Figure 3: Program fragment 2

  Init( ):                            /* Node A */
  if (ReportOption)
  {
        GenReport(ReportOption);      /* Node B */
  }
  else
  {
        ReportError(ReportOption);    /* Node C */
  }
  Finish( );                          /* Node D */

Sum of the number of decisions,                        ANDs, ORs + 1.

The following if statement has an Extended Cyclomatic Complexity of 5 because there is 1 if statement, 2 AND (&&), 1 OR (| |).

  if (_dbStatus == 0 && IsValid( ) | |
             _dbStatus > 10 && IsExpr())
{     
    return 0;   
}

Uses of Software Metrics

The useful thing about all these metrics is that they actually help develop better code. Here are some examples.

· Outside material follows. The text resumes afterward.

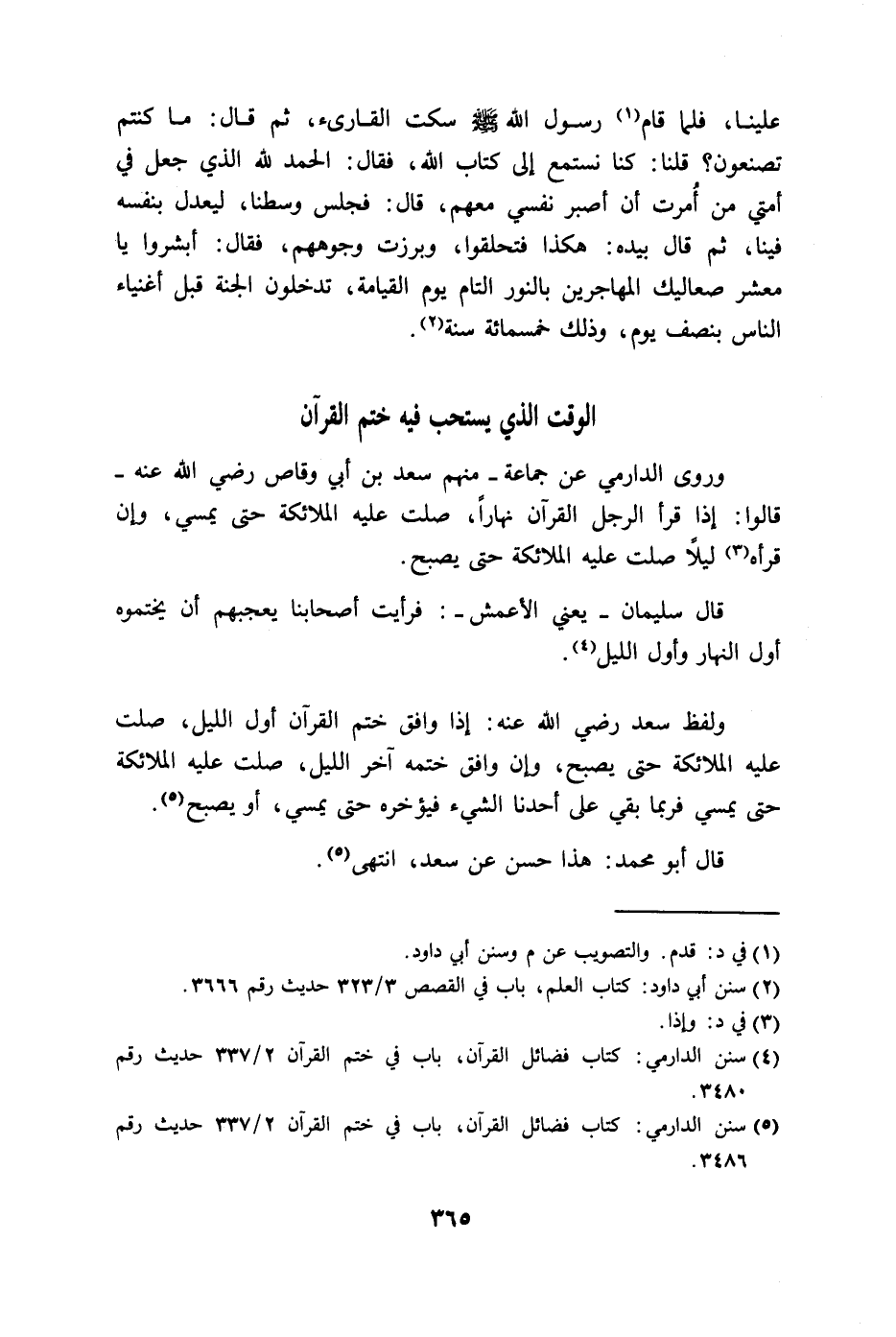 وروى الدارمي عن جماعة - منهم سعد بن أبي وقاص رضي الله عنه -

After writing a piece of code, a software developer can compute the software metrics (using a tool, of course,) to provide feedback about potentially troublesome aspects of a program. The software metrics can be compared against a norm that is user-definable. Remedial action, if necessary, can then be taken. This could be a different approach or algorithm that will produce less complex code, breaking the program down to simpler modules. There are applications where even the best solution may be very complex. In this case, software metrics can identify the modules that need better and extra documentation.

A small percentage of modules in a software system has an inordinate amount of errors. Software metrics can identify the more error-prone modules, and greater resources can be allocated to testing them. During the maintenance phase, software metrics can be used as one of the tools to measure the amount of effort and time required to make changes to existing modules.

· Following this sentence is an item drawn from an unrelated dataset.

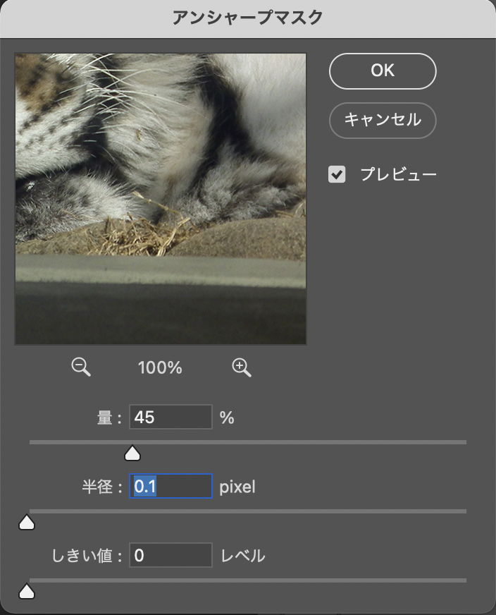 次にフィルターメニュー→“シャープ”→“アンシャープマスク...”を選択し、[プレビュー]にチェックを入れて、数値を設定していきます(図2)。アンシャープマスクはエッジ付近のコントラストを調整して画像をシャープにすることができます。

Software metrics should be viewed as one of the tools (among many) to help manage the process of developing software. However, this tool is not a replacement for common sense.

In some programs, the metrics may not accurately capture complexity and flag the programs as being overly complex or less complex than they actually are. Common sense will aid in determining if the metric results are reasonable. Applying the metrics to one or two individual programs may be disappointing. Software metrics work best when applied to a large group of programs.

Validity of Software Science and Cyclomatic Complexity

While much of the literature in software metrics reports studies supporting the software metrics described in this article, several researchers have expressed doubts about its validity. Shen, Conte, and Dunsmore voice most of the objections raised by researchers. Much of the criticism is directed at certain assumptions made by Halstead and the methodology used by those studies that support Software Science. These objections drive home the point that software metrics are effective in a statistical sense when applied consistently to a large number of programs.

References

Much of the information for this article was taken from Reference 1. References 2 and 3 are classics by the founders of the metrics examined in this article. Reference 4 is a critique on Software Science and gives examples of situations where it does not work.

1. SET Labs Inc., PO Box 03627, Portland, OR 97203, "PC-METRIC."

2. Halstead, M., "Elements of Software Science," Elsevier North Holland, New York 1977.

3. McCabe, T., "A Complexity Measure," IEEE Transactions on Software Engineering (Dec. 1976): 308 - 320.

4. V. Shen, S. Conte, and H. Dunsmore, "Software Science Revisited: A Critical Analysis of the Theory and Its Empirical Support," IEEE Transactions on Software Engineering (March 1983): 155 - 165.